Irak’ta Amerika Birleşik Devletleri’nin işgali ile başlayan kargaşa ortamı hala devam ediyor. ABD işgaliyle birlikte halk, kendi toprakları içinde mülteci durumuna düşmüş ve bir nevi sürgün hayatı yaşıyor. Bu nedenle ülkede istikrar tamamen çökmüş, mezhep savaşlarıyla ortalık alevlendirilmiş, bölge güvenli olmaktan çıkmış durumda.
Bu nedenle bölgede akan kanın durdurulması için kamuoyunun dikkatini çekmek amacıyla İHH ile Irak İnsan Hakları Birliği tarafından Fatih Sultan Mehmet Vakıf Üniversitesi Haliç Yerleşkesi’nde bir sergi açıldı. Üniversitenin Haliç yerleşkesinde düzenlenen sergide, ABD işgalinden bu yana bir türlü istikrara kavuşamadığı belirtilen Irak'ta yaşanan insan hakları ihlalleri, güncel fotoğraflarla ortaya konuluyor.
Ülkede akan kanın durdurulmasına yönelik çağrının yer aldığı sergi, cuma gününe kadar devam edecek ve ardından da Üniversite’nin Topkapı yerleşkesinde devam edecek.

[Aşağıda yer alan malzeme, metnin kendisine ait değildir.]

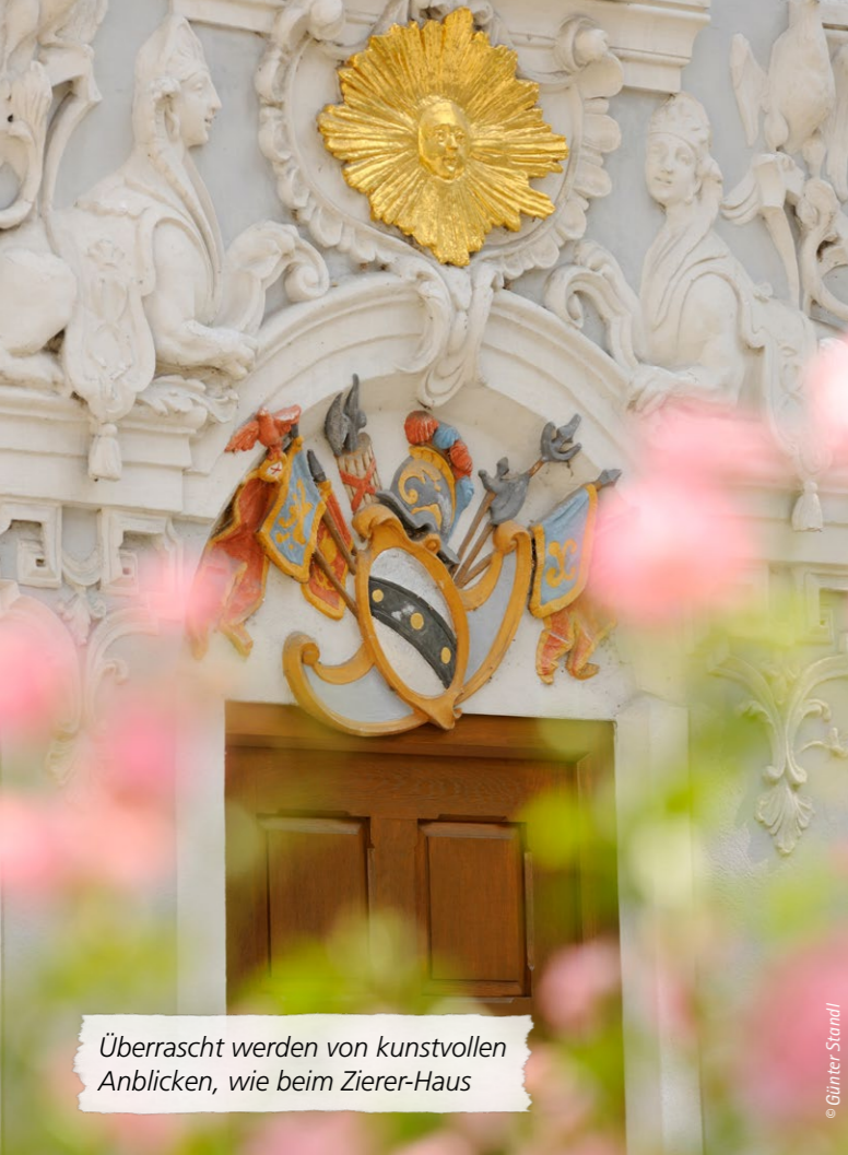
Überrascht werden von kunstvollen Anblicken, wie beim Zierer-Haus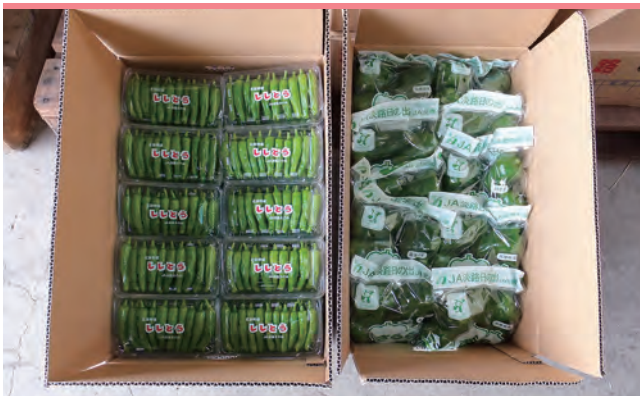
出荷されたししとう・ピーマン

北淡支店管内では、旬の味覚のししとう・ピーマンが11月頃まで市場へ出荷されます。すでに6月から収穫が始まっている夏の野菜（ししとう・ピーマン）は根が細かいので、暑い夏場は、かん水や施肥のきめ細やかな栽培管理が不可欠です。他の作物と比べ経費が比較的少なく、とても栄養（ビタミンC・カロチンが多く含まれる）があり、作業負担の少ない軽量野菜で、和食・洋食・中華など、どんな料理にも合う便利な野菜です。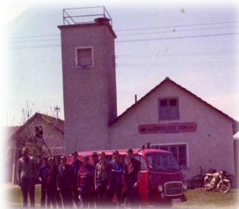
1968: orodno vozilo IMV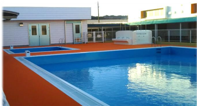
※固定プール（写真手前が4、5歳児用、奥が3歳児用）

現在は平成31年1月末の新園舎、園庭の工事完了に向けて、備品の整備なども進めています。2月15日午前に新園舎完成式典、午後に内覧会を行い、4月に開園する予定です。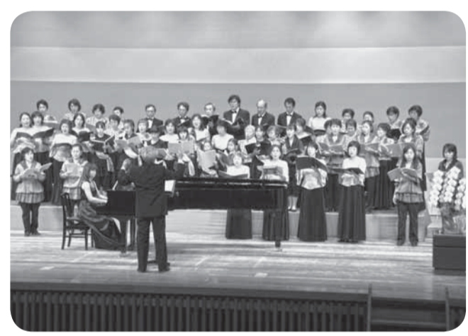
▲フィナーレは合同で演奏

市内の合唱団4団体（佐原グリーンハーモニー、芦笛、ammina、佐原混声合唱団）の合同演奏会「コーラスフェスタinさわら」が、佐原文化会館で開催されました。演奏会は各団体による単独での演奏ののち、4団体合同での演奏が披露され、フィナーレは小中学校の音楽の授業でも歌われる「Believe」を歌い、盛会のうちに幕を閉じました。邦人の作品を中心とした、素朴ながらも温かみのある、素敵なコンサートとなりました。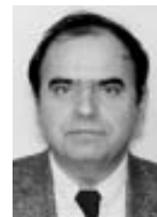
Β' ΑΝΤΙΠΡΟΕΔΡΟΣ Δημήτριος Αμπατζής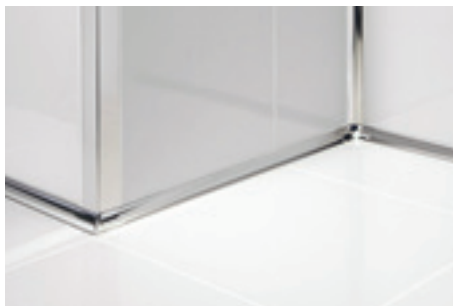
GIN/10 + ILN/10 acciaio inox AISI 304 DIN 1.4301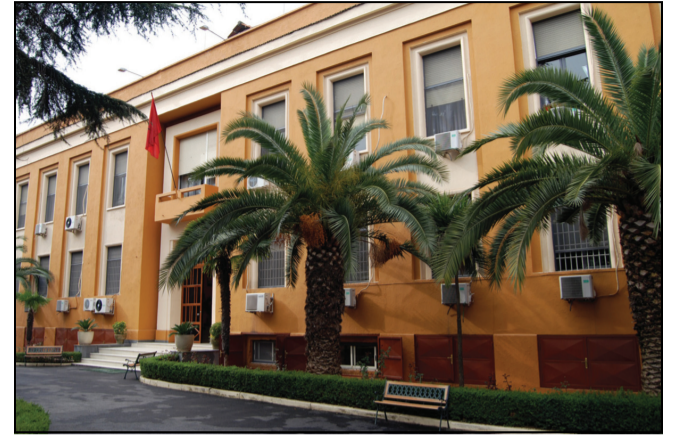
Το κτίριο που στεγάζονται τα Κεντρικά Αρχεία του Αλβανικού Κράτους ( ΚΑΑΚ)

Στις αρχές του 20ου αιώνα, με τον ξεσηκωμό των βαλκανικών λαών, δημιουργήθηκε το πρώτο ιστορικά αλβανικό Κράτος (1912) σε εδάφη-προγεφυρώματα, προ του στενού του Οτράντο - ενός θαλάσσιου στενού, που γεφύρωνε τα δρομολόγια Ανατολής και Δύσης, Ιταλίας-Βαλκανικής, Ασίας και Ευρώπης. Δεν είναι τυχαίο ότι σ' αυτό το χώρο άρχιζε η παλαιά Εγνατία οδός, απ' αυτό το χώρο

Her fotoğraf acı hikâyelerle dolu
Irak İnsan Hakları Birliği’nden Süheyb Ez-Zübeydi, yaşanan dramı sergideki bir fotoğrafı göstererek, “mesela bu fotoğrafta Ebu Gureyp Hapishanesi’nde bir mahkûmun işkenceye uğradığını görüyoruz. Hâlbuki bu insanlar mahkûm da değiller, hiçbir suçu olmayan insanları bu şekilde hapishanelere doldurarak işkenceye tabi tutuyorlar” cümleleri ile özetledi. Ez-Zübeydi’nin açıklamalı şu şekilde:
“Irak’ta yaşanan hak ihlallerini sergilemek amacı ile bu çalışmayı yaptık. Uluslararası medya Irak’ta yaşanan ihlalleri görmezden geldiği için bu sergiyi artık okullara da yaydık. Her fotoğrafın ayrı ayrı acı dolu hikâyesi var. Sergimizde; hapishanelere atılan çocukları, aç kalan insanları, 2011’deki halk ayaklanmasında zulme uğrayanları ve mülteci durumuna düşüp göç edenlerin dramını yansıtmaya çalıştık.”

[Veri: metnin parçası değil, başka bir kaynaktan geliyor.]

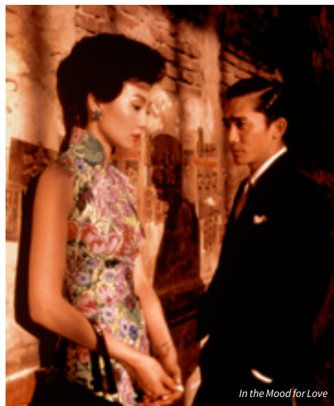
In the Mood for Love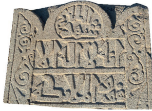
Resim 34. 192 nu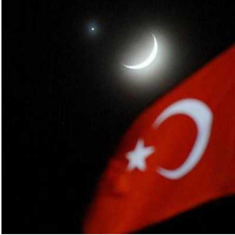
Yıldızın Bayra ımız Üzerindeki Yeri

25 Aralık 1793 tarihinde de bu sefer al bayra ımıza be kö eli yıldız ilave edilir 8 .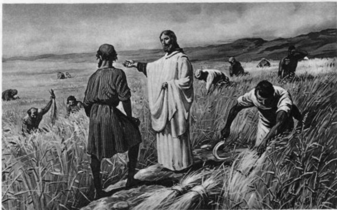
„Žetev je velika, delavcev malo. Prosite torej Gospoda žetve, naj pošlje delavcev na svojo žetev“ (Mt 9, 37)

V župnijski pisarni. »Vzel jo bom, pa je.« — »Ali, ker te poznam in sam veš, kako trda je danes za vsakdanji kruh, ali bosta mogla živeti? Ali ima ona kaj?« — »Jaz nič, ona nič, ampak rada se imava, pa je ,viža ven'.«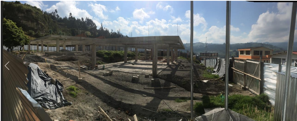
PANORAMICA ESTADO ACTUAL OBRA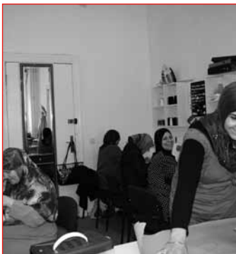
Miteinander nähen, lachen und leben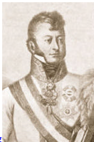
Jefe de Ala General Schwarzenberg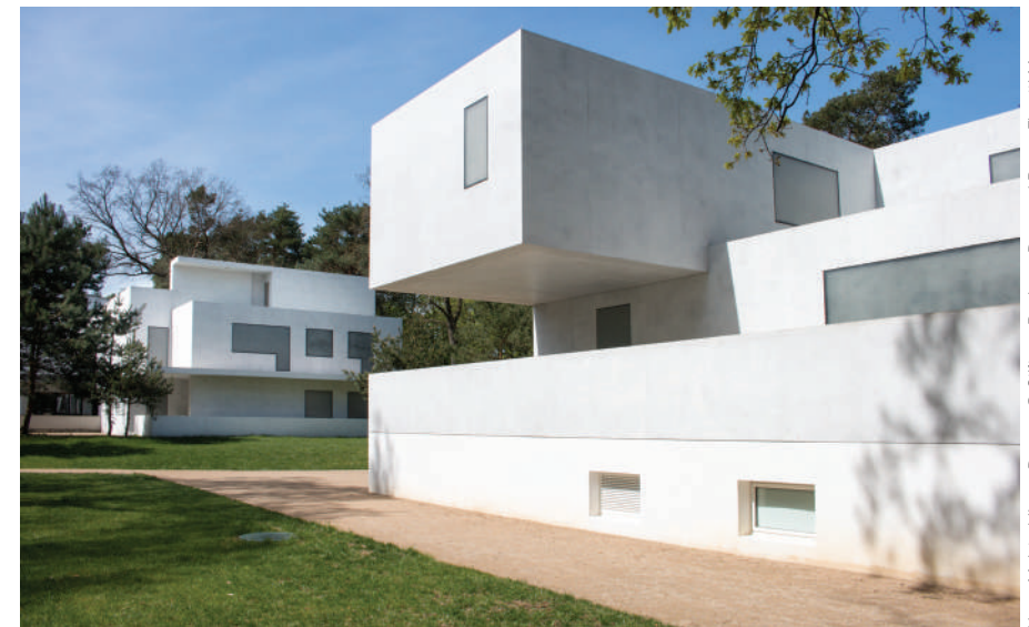
Neue Meisterhäuser Dessau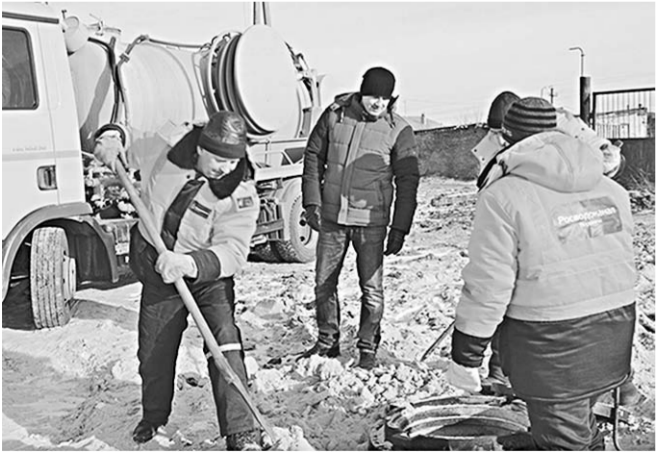
Установка новых крышек.

В Воронеже участились факты исчезновения крышек колодцев.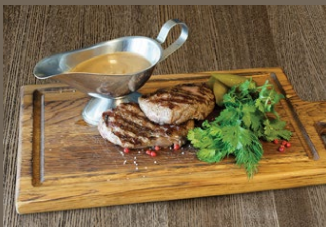
Медальоны 140/150//50 гр 1 290 из телятины, картофельное пюре, перечный соус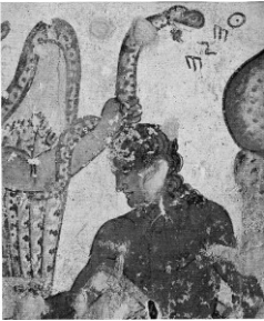
Orcus, deus Īnferōrum

turgidulus = turgidus ocellus -ī m = (parvus) oculus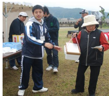
今晚の食卓には朝日ガニ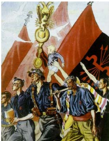
Cartel de Falange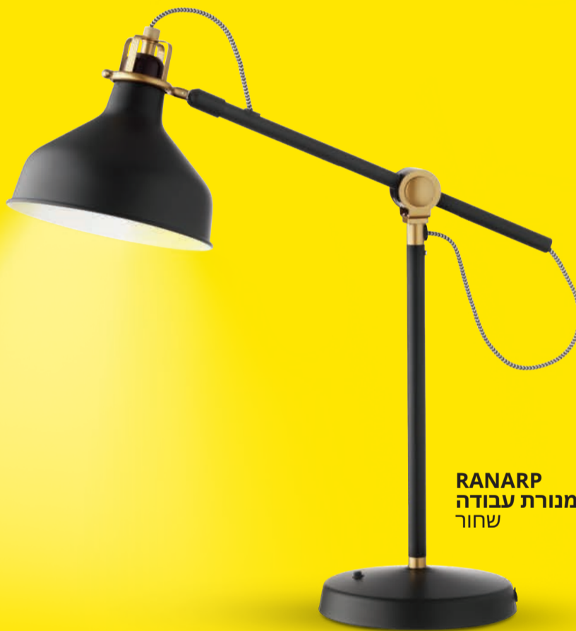
RANARP מנורת עבודה שחור

זמן איכות עם סבא וסבתא הוא זמן יקרה בואו נהנה איתם כמה שיותר.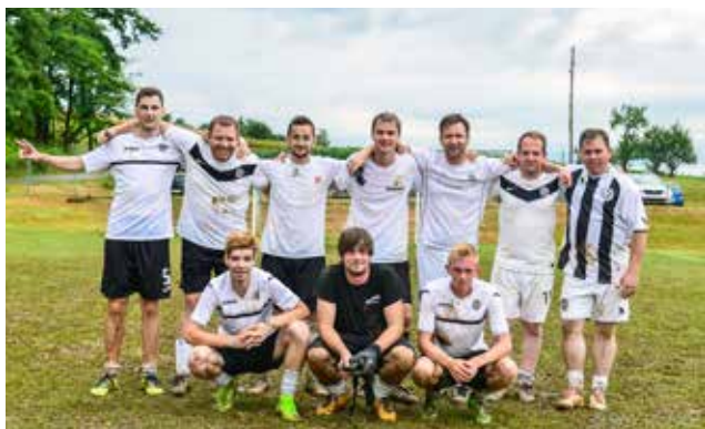
Ekipa KMN Gornji Petrovci po tekmi

Tradicionalni občinski turnir v malem nogometu se je odvijal letos v Neradnovcih v nedeljo, 25.06.2017. Sodelovalo je 8 ekip: Šulinci, Križevci, Martinje, Adrijanci, Neradnovci, Stanjevci, Gornji Petrovci in Lucova. Na koncu prireditve je prvo mesto zasedla ekipa Gornjih Petrovec, druga je bila ekipa

Ez-Zübeydi, ayrıca sergiyi tüm Türkiye’de açacaklarını ve dünyaya açılarak çeşitli ülkelerde de izlenime sunacaklarını söyledi.
Irak sorunu
Haziran 2014 itibariyle DAEŞ’in eline geçen Musul ise işgal gününden bu güne kadar tam bir açık cezaevi görevi görmekte. İşgal ile birlikte 1.5 milyon kişi -yani nüfusun yarısı- Dohuk, Kerkük, Süleymaniye ve Erbil’e göç etti.

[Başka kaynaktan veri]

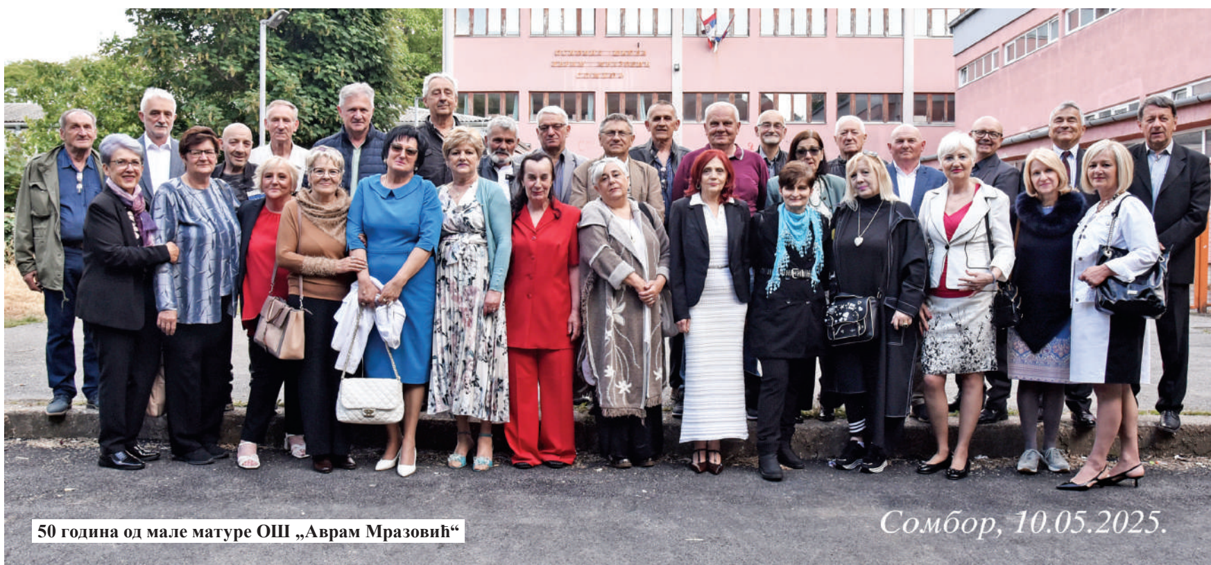
50 година од мале матуре ОШ „Аврам Мразовић“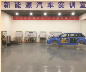
▲ 新能源汽车实训室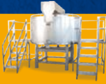
Kaşar proses tankları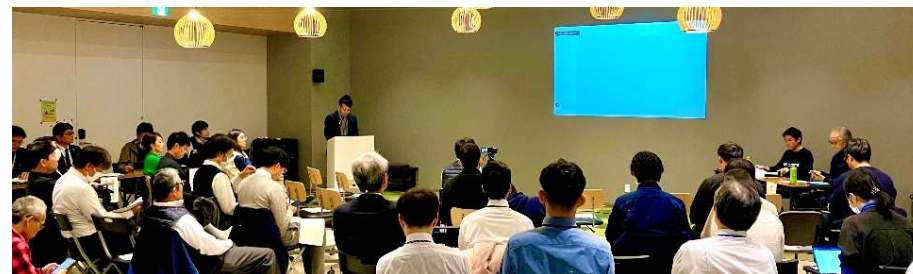
昨年のふくまちエリア価値創造フォーラムの様子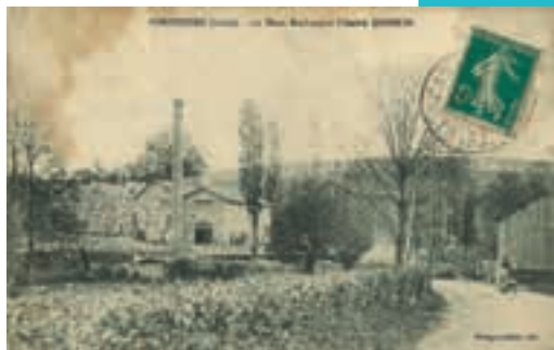
Usine Ducreux à Panissières (début 20 e s.).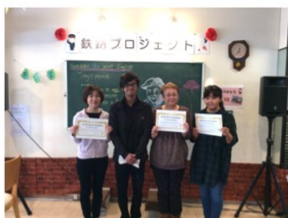
卒業証書を持って “ハイチーズ！”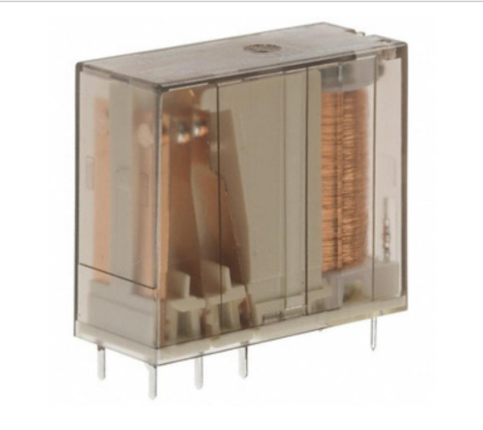
රූපය නිරූපණය විය හැකිය. නිෂ්පාදන විස්තර සඳහා පිරිවිතර බලන්න.

RP440024 Agastat Relays / TE Connectivity RELAY GEN PURPOSE DPST 8A 24V RP440024.pdf Lead / RoHS අනුකූල වේ 13914 pcs stock හොංකොං DHL/Fedex/TNT/UPS/EMS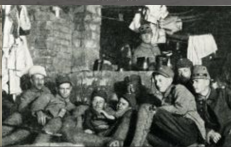
Jēgeru grupa atpūtā Jaeger Group during a moment of recreation

Somu karavīru apmācība sākās 1915.gada 25.februārī un notika Vācijā - Lokštedā pie Hamburgas. Kara laikā šeit apmācības kursu izgāja aptuveni 2000 somu karavīru. 1916. gada maijā tika izveidots 27.Karaliskais Prūsijas Jēgeru bataljons. Jēgeri – viegli bruņoti strēlnieki, kas varēja veikt kaujas uzdevumus mežainā un šķēršļotā apvidū, kā arī veikt izlūkgājienu pretinieka kontrolētajā teritorijā. Lai bataljons iegūtu kaujas pieredzi, to nosūtīja uz austrumu fronti Kurzemē, tagadējā Latvijas teritorijā. Bataljons piedalījās kaujās frontē starp Misas upi pie Dalbes, Kalnciemā un Rīgas jūras līcī pie Klāpkalnciema. Apmēram gadu bataljons atradās mācībās aiz frontes līnijas Liepājā.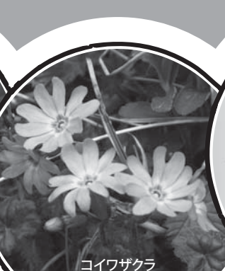
コイワザクラ (絶滅危惧II類)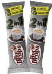
HOT DROPS 5ml BALLI ZENCEFİLLİ 18 GR

DAEŞ’in kapıları tamamen kapamasıyla geri kalan yaklaşık 2 milyon kişi, içeride kalmış olup tamamen sefalet içerisinde yaşamak zorunda kaldı. İçeriye giriş ve çıkışlar engellendi, uluslararası hiçbir yardım ve yardım kuruluşu bölgeye giremedi.